Breakdown: Designing a Highly Detailed AK-47 Magazine
3D artist Ilya Blinder breaks down the entire process of designing a highly detailed and realistic AK-47 magazine from concept to render.
Introduction
Hi, my name is Ilya, and I'm a 3D weapon artist, trying to make textures and stuff like that. I've been studying 3D for about a year and four months, and today I'll tell you how I made this AK-47 magazine. Special thanks to the 3D GUN community, almost all the cool guys helped me create good textures and renders.
Software and References
The programs I used are Blender, Zbrush, Marmoset 5, Substance Painter, Photoshop, and PureReff.
The basis of a good texture is references, and preferably in very high resolution, since when a person photographs any object, the photo will always have dead pixels, and the lower the image resolution, the more artifacts there will be in the photo.
The more references you have, the higher the chance of getting the material and type of damage on the object into the database. But the most important thing is to choose the main reference that you will rely on for roughness, metal, and albedo.
Modeling
The very first thing we start modeling a weapon with is the bullet it uses. In our case, it's the 7x62. Next, we use references to create the general silhouette of the object. Most beginning 3D weapons artists use CAD to create weapons, but I use Evgeniy Petrov's pipeline because it's easier for me and has very strong object control and near-perfect high- poly shading. When creating a basic silhouette, I look for information about the dimensions of the object and adjust the references in Blender to these dimensions.
This is what a scene with boolean objects looks like in Zbrush.
This is what the mesh looks like after Dynamesh and adding welding. I did the welding using the elastic brush.
UV
In UV, the most important thing is to make almost everything into islands with a 90-degree angle, that is, straight lines. I used one 4K texture set with a padding of 4 and a margin of 4. When you're creating work for a portfolio, you don't need to focus too much on padding and margin, since your texture won't be mip-mapped.
To increase the texel of your model, you can reduce the UV islands that are not visible from any side. I also baked the bullet first and then made a large quantity in the magazine for the sake of optimization of the uv, and as a result, by texturing one bullet, all the information was transferred to all bullets. I packed all the islands in Blender using PackMaster 3.0.
Baking
Baking a high-poly model onto a low-poly model was very simple on this model, so I don't see the point in explaining how I did it. I'll just say: enable dithering in the normal map settings and set the baking parameters to 64 samples.
Textures
And now comes perhaps the most difficult stage of creating a model – textures. First, I work on the normal map and make 5-10 light variations of color and roughness. We can work on metal, but this is a very fine line, since there is a high chance that it will all turn into one mush and the texture will be unreadable. At the moment, I work on metal only in damage/paint/dirt/dust/scratches/ and a few variations. At this stage we make a texture with a history as if the store had just left the factory
Next, we add more explicit information, noise, gradients and highlights at the edges.

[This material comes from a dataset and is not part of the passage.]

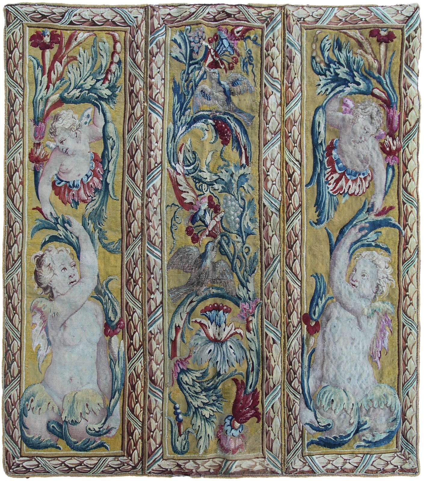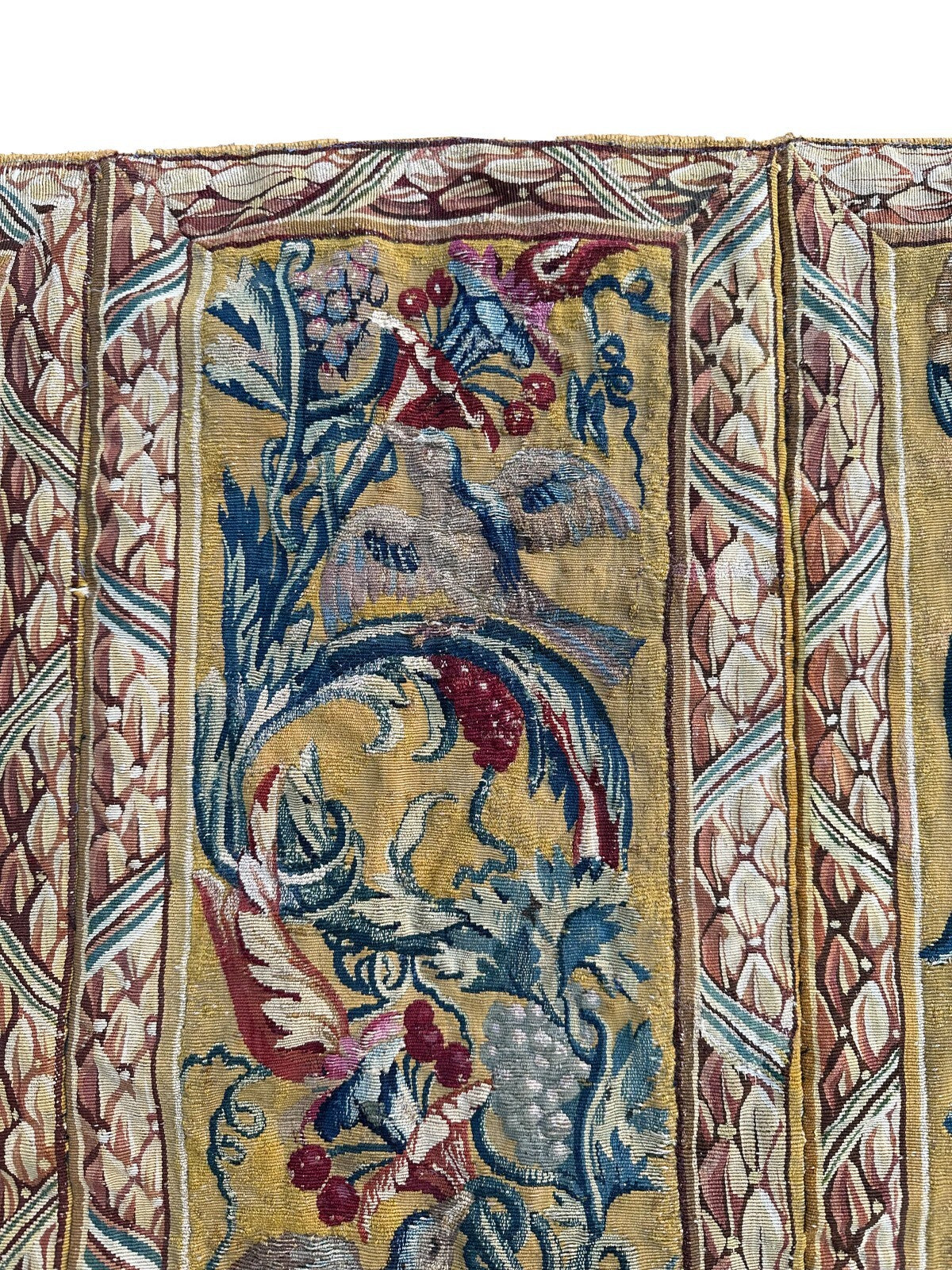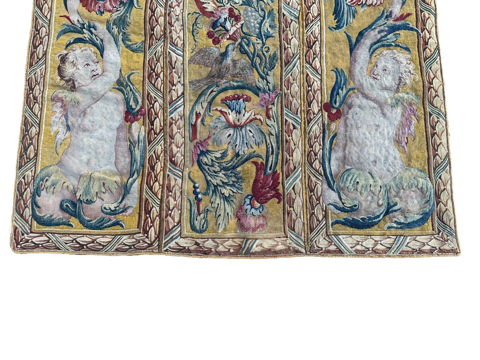 "This is an extremely fine Authentic Antique French Beauvais Tapestry from early 18th. century in Silk. This piece is truly a magnificent piece of art with artistic drawings of angles, birds and exotic flowers.. It is a very elegant tapestry with intricate flowers. One of the finest pieces we have come across in 40 years!-DCR

Then, we add more explicit information, noise, gradients and highlights at the edges.
After that, we create more severe damage, note that in reality there is no damage with a single fill color, so we must make the damage variable like noise, gradients, height, color, metal and roughness variations. Almost all damage needs to be done with stencils, since you can't create 100% realistic damage just by imagining it.
Here, I added milling, oil, and dirt.
And this is the texture we get. I textured all the objects using this principle.
Rendering
Rendering is also very important for the presentation of work, since weak work can be improved with the help of rendering, and a very good one can be killed by rendering. First, use a contrast HDRI map to show color/roughness, then add individual light sources and separate the object from the background; this will look more voluminous.
You can also add blue, red, yellow, or green light to create an atmospheric picture. If you are unsure about using different HDRIs, you can make 2-4 renders with each and then choose which one is better.
Conclusion
Thank you so much to everyone who read this article. I never thought I'd get to 80 Level. I've improved my skills so much after this project, and I'm not planning on stopping.
Have a great day, artists, keep creating and growing in this craft. Good luck!